Two mothers-to-be meet at the door of a house in a small Judean town not far from Jerusalem.  One young, engaged but not yet married.  The other far past her prime child-bearing years.  Both know disgrace and, I suspect, despair. One knows the sadness that comes with a life not complete.  The other the fear having a child out of wedlock often brings.  She knows death by stoning or strangulation is often the fate of women in her condition.

But this week I’ve not been able to focus on those two mothers.  I’m hearing the haunting cries of other mothers—the mothers of Newtown and mothers everywhere who have lost children to violence, to drugs, to disease.  Mothers who live, like us, in a world turned upside down.  A world where children die of hunger.  A world of children swallowed up by war.  A world where children’s lives are cut short in so many different ways.

Mary and Elizabeth stand together on the threshold between despair and hope. They greet one another.  Mary, weary after her long walk from Nazareth in Galilee.  Elizabeth, now heavy with the weight of the child growing insider her.  At that very moment, the child moves in Elizabeth’s womb.  Taking Mary’s hand, Elizabeth places it on her quickening womb.  “Blessed are you and blessed is the fruit of your womb,” Elizabeth says to Mary.  Words—encouraging, healing words Mary needs to hear. No wonder Mary stays so long.  She’s found a place where she can carry her child unafraid.  At last, she dares to hope.  At last, she dares to dream.

What a dream she has.  What a hope she holds.

“All generations will call me blessed,” she responds to Elizabeth’s blessing—how bold, how brave.  

“For God is doing great things through me and the child I am bearing—God is turning the world right side up. ”  

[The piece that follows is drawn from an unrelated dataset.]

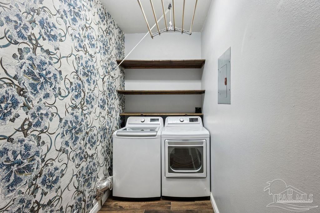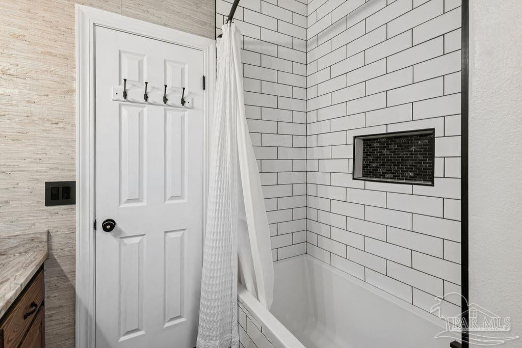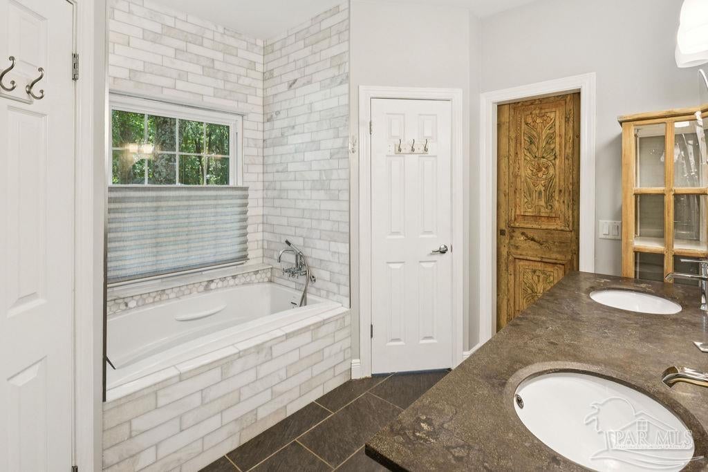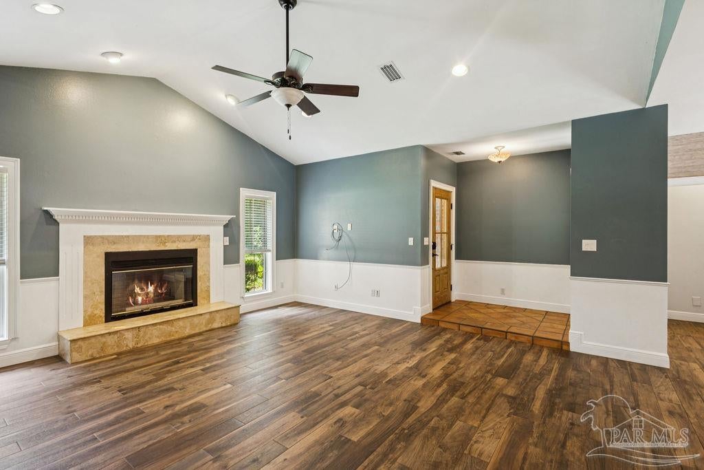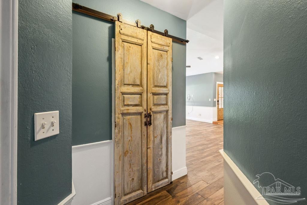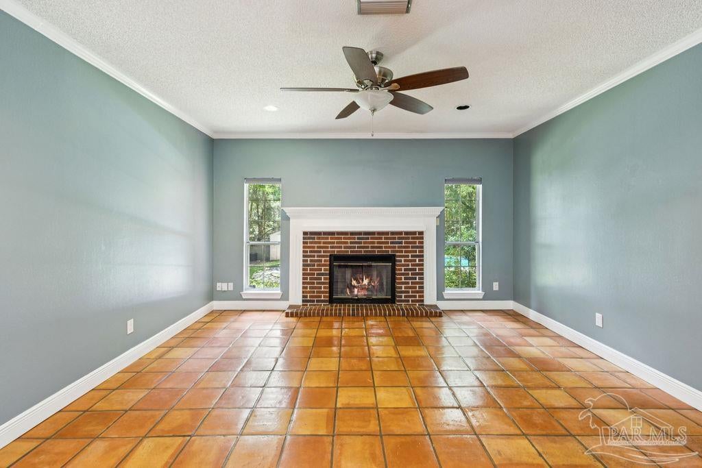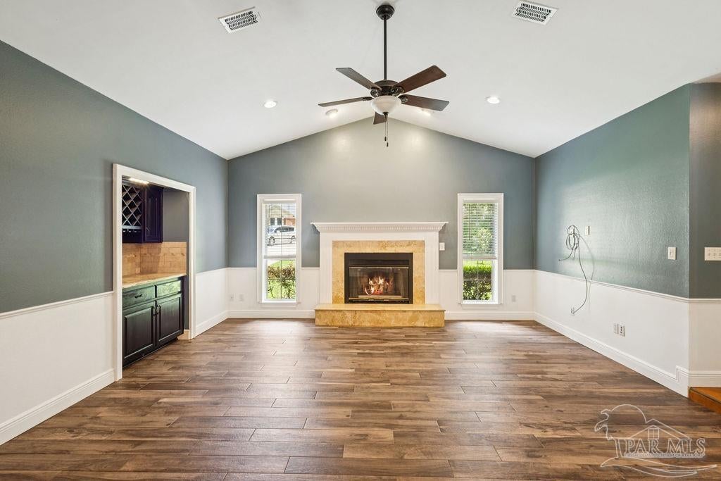 Charming Pool Home in Woodbine Springs Plantation with Unique Custom Features Beautifully updated 3BR/2BA home on nearly half an acre in sought-after Woodbine Springs Plantation—known for its tranquil setting, community playgrounds, and 55-acre private lake. This home offers character and comfort with authentic Mexican tile in the foyer and family room, wood-look tile throughout, vaulted ceiling in living room, and two wood-burning fireplaces (both inspected and recapped). The kitchen was fully renovated in 2019 with new appliances, painted cabinetry, tiled backsplash, and a beverage fridge. A custom coffee bar features a water spigot and built-in pet bowl station. The primary suite includes a private office and a fully updated bath with Italian blue marble counters, marble walk-in shower, and a Bain Ultra tub with 42 jets, chromatherapy, and aromatherapy. Two additional bedrooms and a full bath with updated cabinetry and subway tile are located on the opposite side of the home. Enjoy outdoor living with a fenced backyard, tiki bar (power, mini fridge, and new metal roof), deck, fire pit, and an in-ground pool with salt system (salt cell new April 2025, liner approx. 5 years old) and new Polaris that will convey. A charming antique Egyptian door leads to the laundry room with a 2023 washer/dryer that conveys Additional Features: • Roof (2019) • HVAC (2015, professionally maintained) • Water Heater (2022/2023) • Gutters • Fully Fenced

That bold hope, that daring dream carry Mary through.  They carry her back, head held high, to Nazareth and to those who scorned her.  They carry her down the long road to Bethlehem. They carry her from the stable to the cross and to the empty tomb. That bold hope and that daring dream carry Mother Mary bold and strong through all the frustration, fear and joy that come with any child.  And in the end they carry her through her deep grief.

Ours is a world like the one Mary knew.  Ours is a world turned upside down.  Every day, every hour children die of hunger, violence, neglect, abuse. Ours is a country that registers cars but not guns; a country that regulates sugar calories in the foods schools serve our children but allows bullets to go unregulated and uncounted.  Ours is a country—a world—crying to be turned right side up.  Just ask the mothers among us.

And yet when we look at all there is to be done, when we see the enormity of  it all, it’s easy to feel defeated before we even start.  Where to begin?  What to do?  It seems too much.  But I wonder, does it need to be that daunting?  
A principal hears gunshots and heads out to protect the children in her charge.  A teacher hides her children—one child at a time—and then faces a gunman poised to shoot her.  Each doing what they can to turn a crazy world right side up.

It doesn’t have to be that dramatic.  Healing the world often happens one step, one act at a time.  Years ago, I heard a scholar talk about “the righteous ones”—Christians who hid Jews during World War Two.  Wanting to find out what set the righteous ones apart from those who collaborated with the Nazis, this scholar interviewed thousands of people.  The only difference he found was that the righteous ones did what they could when they could.  They used who they were and what they had in the moment to turn the world right side up one stone at a time.

You and I, we can’t right the world all at once.  And we can’t do it by ourselves.  Yet we long for a world in which children are cherished, nurtured and nourished.  Like the mothers of Newtown and mothers and fathers everywhere, we long for a world where our children can grow into the people God created them to be—beautiful, beloved and gifted children of God.  Like the mothers and fathers of Newtown and parents throughout our world, we grieve when lives are cut short, when lights are snuffed out.  Like Mary, we are fierce in our love for our children and the promise they bring.  Like Elizabeth, we stand with all the Mary’s in our world.  

We are Mary doing what we can to right things for our children and for our world.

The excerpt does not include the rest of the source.